Wellness • 27/5/2026

Exercise for Anxiety and Depression in Women: A Coach's Honest Take

Exercise is one of the most evidence-based interventions for mood — comparable to medication for many cases of mild to moderate anxiety and depression. The dose, the type, what works when you're too low to start, and when to involve a doctor.

Woman exercising outdoors as part of mental health routine

Exercise is not a substitute for proper mental healthcare. It is, however, one of the most well-evidenced interventions for anxiety and depression — and for mild-to-moderate cases, the research suggests it works roughly as well as antidepressant medication, often with better long-term outcomes.

That’s not soft “wellness influencer” claim. The 2023 British Journal of Sports Medicine umbrella review of 1,039 trials concluded that physical activity is 1.5× more effective than standard counselling and medication for depression in many cases.

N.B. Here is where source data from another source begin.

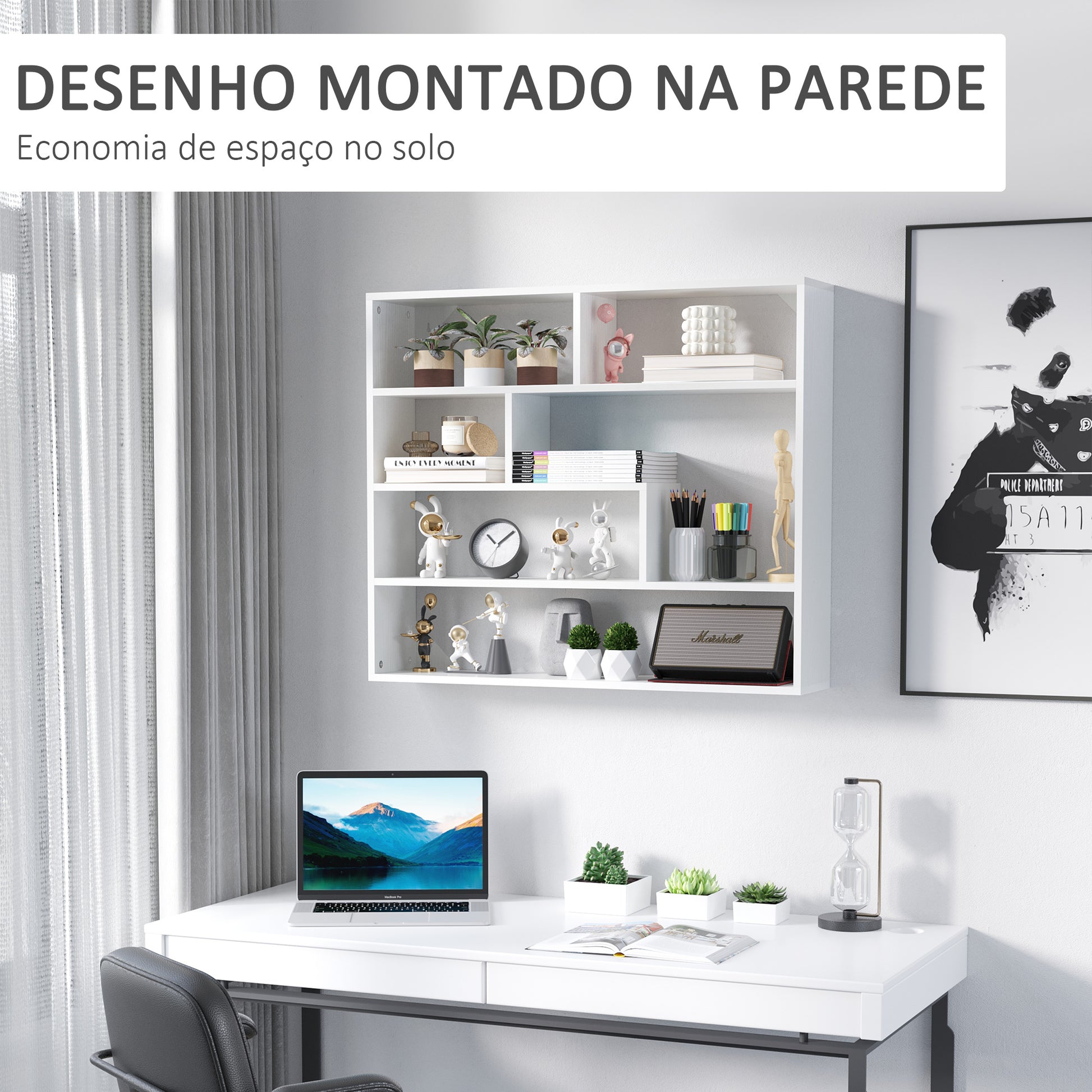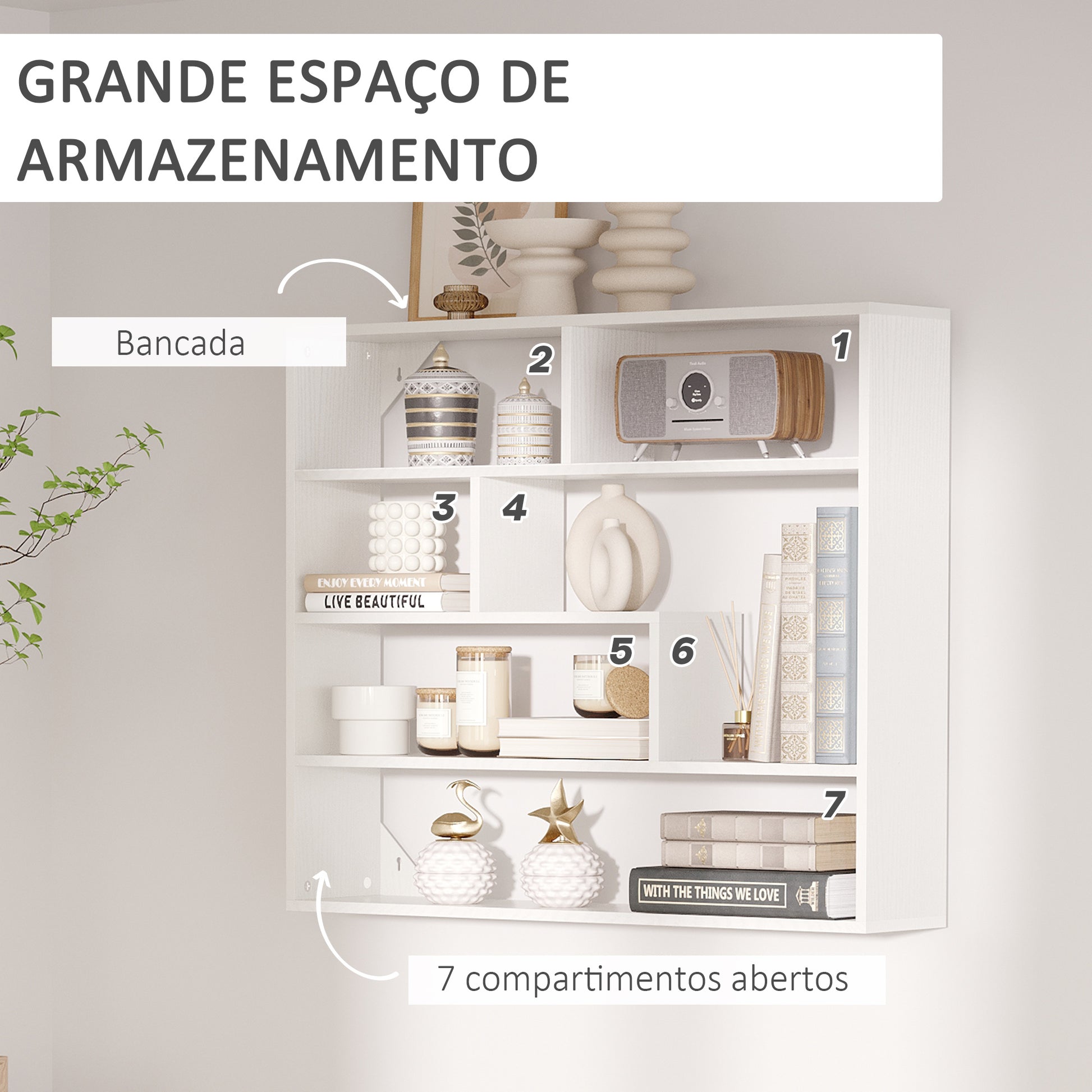 - Benefícios: Desenho moderno com 7 compartimentos abertos para exibir livros, fotos, decorações e mais
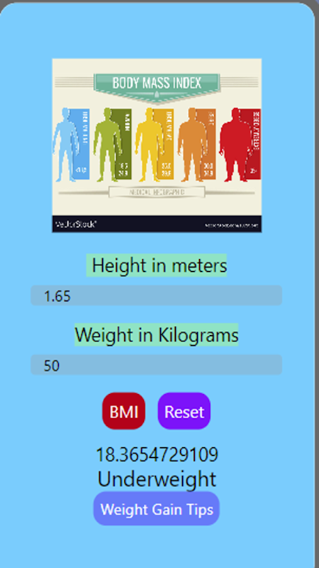 Это приложение рассчитывает массу вашего тела/ИМТ. С помощью этого приложения вы можете ввести свой рост и вес, а затем проверить здоровье человека.
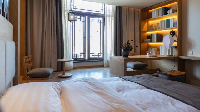 驻马店琢舍酒店民宿是集旅业、马文化为一体的驻马店酒店,酒店位于驻马店市驿城区香山街道李庄路皇家驿站景区内,皇家驿站项目坐落于物华天宝,钟灵毓秀的驻马店市,总占地面积约3300亩,项目以“驿站、皇家、古镇”为主题,构筑的“驿站文化古镇”,致力打造“驻马店城市会客厅”、“豫南旅游集散地”、“中国驿站文化体验地”。琢舍酒店占地面积1674㎡,楼高14米,与驿马广场、马王阁、古戏台、驿马群雕毗邻,烧烤一条街、东南亚风情街、皇家驿站大舞台仅需三分钟,距国家4A景区老乐山也仅需半个小时,是您旅游观光的梦幻天堂。驻马店琢舍酒店采用民宿装修风格,将民宿、马文化与现代完美结合,形成特色马文化的建筑特色。酒店功能完善,设有包括观景复式房、观景大床房、豪华标准房、特色大床房等各色客房28间,另有酒店独立的大型停车场,为宾客的出行提供了更多的便利。
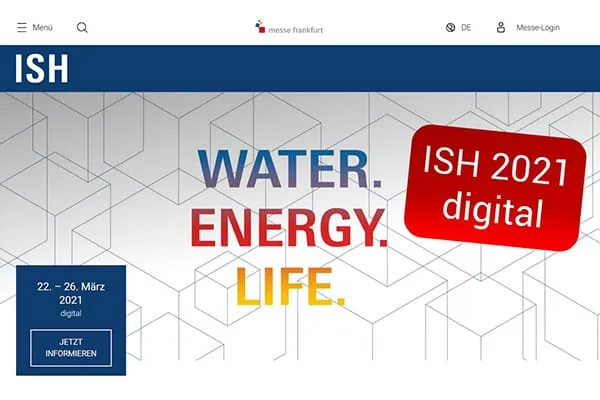 Die ISH vom 22. bis 26. März 2021 wird als rein digitale Veranstaltung stattfinden und eine Vielzahl an Angeboten bereitstellen. Dazu zählen beispielsweise Ausstellerpräsentationen (Produkte, Informationen, Videos, Ansprechpartner, Chatfunktionen und 1-zu-1-Videoanrufe), intelligentes Matchmaking mit passenden Geschäftspartnern zur Leadgenerierung unterstützt durch künstliche Intelligenz, Live-Streamings und On-Demand-Übertragungen des Rahmenprogramms sowie die Terminvergabe für Online-Meetings mit den Ausstellern. Und das alles ist während der Veranstaltung rund um die Uhr über die verschiedenen Zeitzonen hinweg weltweit verfügbar. Die Messe Frankfurt will dazu bald weitere Informationen bereitstellen.
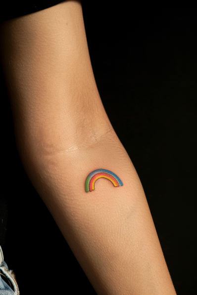 This rainbow tattoo is small but bursting with color, showcasing the classic arch of vibrant shades. The bold use of red, orange, yellow, green, blue, and purple creates a fun and positive design, making it a cheerful little piece of art. Rainbows often symbolize hope, positivity, and diversity, and this tattoo captures all of that in a compact, colorful package.
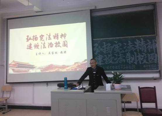 吴家林教授从了几个与宪法有关的常识性小问题,切入讲座。讲座分为四个主题——国家宪法日的提出、设立国家宪法日的重要性、典型的涉及宪法的案件以及弘扬宪法精神、建设法制校园。吴教授表示,纵观10多年来全国法制宣传日的主题,有6个与宪法有关,设置宪法日后更有助于大家从不同角度来理解宪法;宪法作为我国的根本大法,是法之统帅,法律之母,“国家宪法日”意味着是“宪法意识深化日”“维护宪法权威日”。吴教授通过剖析两个大贪官以及几个涉及宪法的典型案例,让同学们了解到要杜绝“只怕违法,不怕违宪”的模糊意识和错误观念,从而加强宪法意识。讲座最后,吴教授提到,当代大学生肩负着恪守宪法原则、弘扬宪法精神、履行宪法使命的神圣职责,我们要在校园里营造崇法、尊法、守法的氛围。
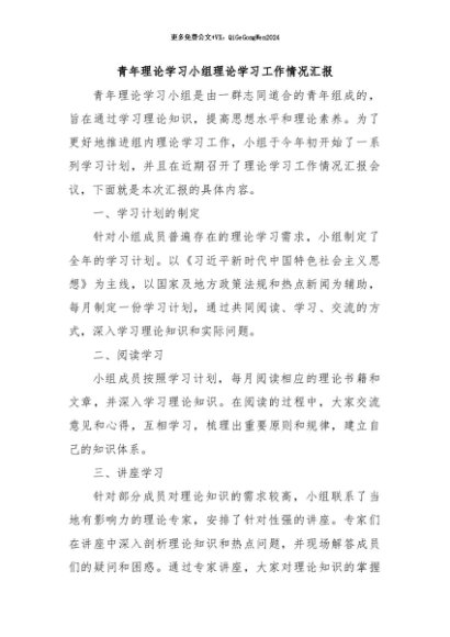 / 【七哥公文】2024年:青年理论学习小组理论学习工作情况汇报+更多免费公文+VX:QiGeGongWen2024
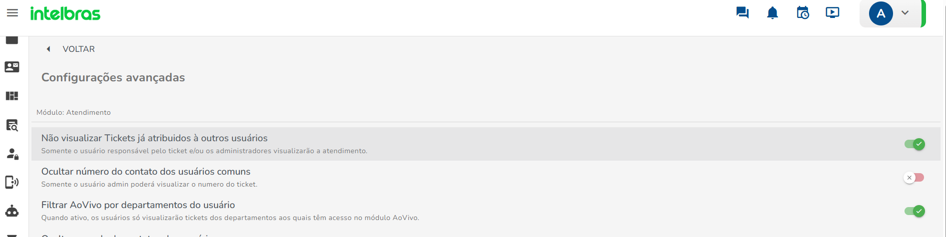 Filtrar AoVivo por departamentos do usuário: O usuário visualizará apenas os tickets dos departamentos aos quais ele está vinculado.
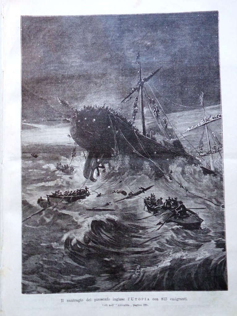 L'illustrazione Popolare 12 Aprile 1891 Naufragio Piroscafo Utopia Induno Milano
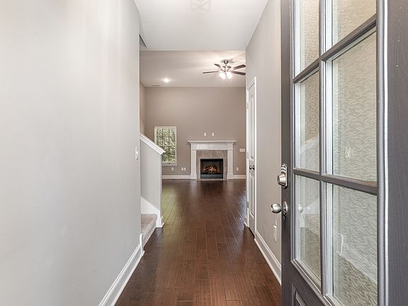 Step inside to an open-concept living area with hardwood floors, a gas fireplace, and a stunning kitchen that’s perfect for entertaining. Enjoy granite countertops, a large island with bar seating, tile accents, and plenty of cabinet space. The primary suite offers a peaceful retreat with a tray ceiling, walk-in closet, and a luxurious soaking tub. Each bedroom includes spacious closets, providing excellent storage throughout. Outside, relax or entertain on the covered patio overlooking a beautifully landscaped backyard with privacy trees. Whether you're hosting guests or enjoying a quiet evening, this space offers the perfect backdrop. Barfield Downs features sidewalk-lined streets, ideal for evening strolls or morning jogs. This home is truly move-in ready, well cared for, thoughtfully designed, and ready to welcome you home.
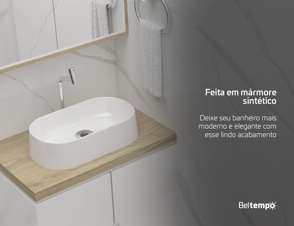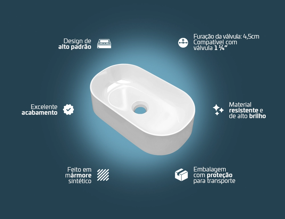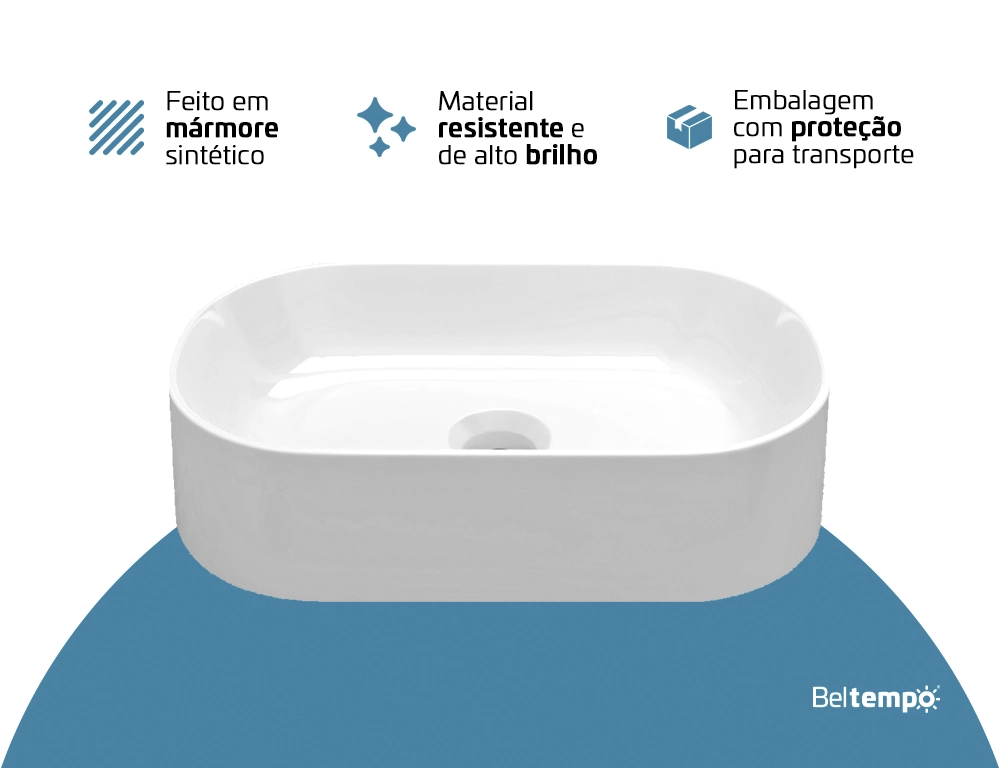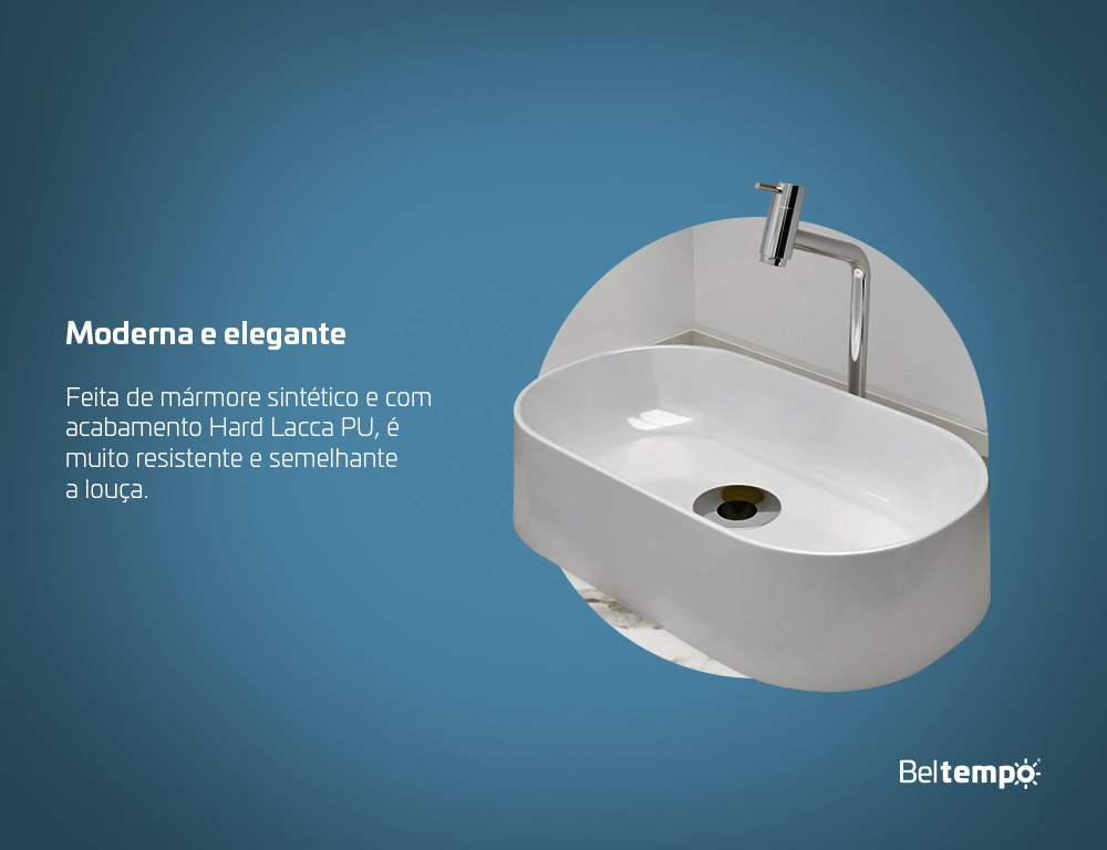 Fabricada em mármore sintético resistente e de longa durabilidade, seu acabamento é polido brilhante. A instalação é normalmente realizada sobre o móvel (gabinete, armário ou bancada), mantendo toda a cuba aparente (cuba de apoio).

Here’s the honest, practical version of how to use it — and when it’s not enough.

The dose that works

The research is consistent on dosage:

  • 150 minutes a week of moderate-intensity activity is the well-established floor for measurable mood improvement
  • Strength training 2–3× a week adds meaningfully on top of cardio alone
  • Higher intensity helps more, up to a point — beyond that (chronic over-training), the cortisol cost cancels the mood benefit
  • Duration of the program matters more than any single session — 4 weeks of consistent training is roughly when most women feel the difference; 12 weeks for full effect

For an Indian woman, that’s about 30 minutes a day, 5 days a week — plus 2–3 of those days being strength sessions.

The 2023 review found this dose produces benefits comparable to first-line SSRIs for mild-to-moderate depression. For severe depression, exercise helps but is usually adjunctive to professional care.

What kind of exercise works best

All movement helps mood. But the effect sizes vary:

Strongest evidence: strength training The 2018 meta-analysis in JAMA Psychiatry found that resistance training had large effect sizes for anxiety and depression — bigger than aerobic exercise alone in many studies. This surprised researchers; it shouldn’t have. Strength training reliably improves self-efficacy (“I can do this”) in a way that compounds psychologically.

Strong evidence: aerobic exercise (running, cycling, brisk walking) The classic. 30–45 minutes of moderate cardio raises mood for 4–6 hours post-session, and the cumulative effect over weeks is well-documented.

Strong evidence: yoga and breath work Especially for anxiety. Slow exhales (4-second in, 8-second out for 5 minutes) measurably activate the parasympathetic nervous system — same mechanism many anti-anxiety techniques use. 8–12 weeks of yoga has comparable effects to standard talk therapy for generalised anxiety in several trials.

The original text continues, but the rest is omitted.